* [TASK TO CARRY OUT]
Looking at the listing below, retype exactly the lines starting at the one containing "This intricately stitched" and ending at the one containing "Затем проверим, работает", both included, and nothing else.

* [DATA UNDER STUDY]

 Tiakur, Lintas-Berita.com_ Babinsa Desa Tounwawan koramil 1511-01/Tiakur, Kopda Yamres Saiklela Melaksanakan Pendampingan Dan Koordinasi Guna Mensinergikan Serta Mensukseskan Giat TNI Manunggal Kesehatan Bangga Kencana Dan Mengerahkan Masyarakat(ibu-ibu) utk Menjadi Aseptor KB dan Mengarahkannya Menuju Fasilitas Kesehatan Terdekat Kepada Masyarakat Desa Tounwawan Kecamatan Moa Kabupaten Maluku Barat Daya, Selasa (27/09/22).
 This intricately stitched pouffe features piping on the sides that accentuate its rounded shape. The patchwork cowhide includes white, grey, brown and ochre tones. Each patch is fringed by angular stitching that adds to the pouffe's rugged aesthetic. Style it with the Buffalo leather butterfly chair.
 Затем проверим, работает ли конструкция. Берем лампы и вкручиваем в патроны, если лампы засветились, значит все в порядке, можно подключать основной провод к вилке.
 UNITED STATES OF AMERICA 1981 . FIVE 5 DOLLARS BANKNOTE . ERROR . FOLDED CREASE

* * *

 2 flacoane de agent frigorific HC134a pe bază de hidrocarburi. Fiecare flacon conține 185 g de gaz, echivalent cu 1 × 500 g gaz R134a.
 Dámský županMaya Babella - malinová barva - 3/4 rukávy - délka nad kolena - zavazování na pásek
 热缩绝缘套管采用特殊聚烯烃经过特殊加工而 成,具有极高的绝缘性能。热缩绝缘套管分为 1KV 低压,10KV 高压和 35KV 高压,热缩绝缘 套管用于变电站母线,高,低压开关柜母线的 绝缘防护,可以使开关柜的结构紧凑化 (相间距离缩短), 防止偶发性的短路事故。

* [EXPECTED ANSWER]
 This intricately stitched pouffe features piping on the sides that accentuate its rounded shape. The patchwork cowhide includes white, grey, brown and ochre tones. Each patch is fringed by angular stitching that adds to the pouffe's rugged aesthetic. Style it with the Buffalo leather butterfly chair.
 Затем проверим, работает ли конструкция. Берем лампы и вкручиваем в патроны, если лампы засветились, значит все в порядке, можно подключать основной провод к вилке.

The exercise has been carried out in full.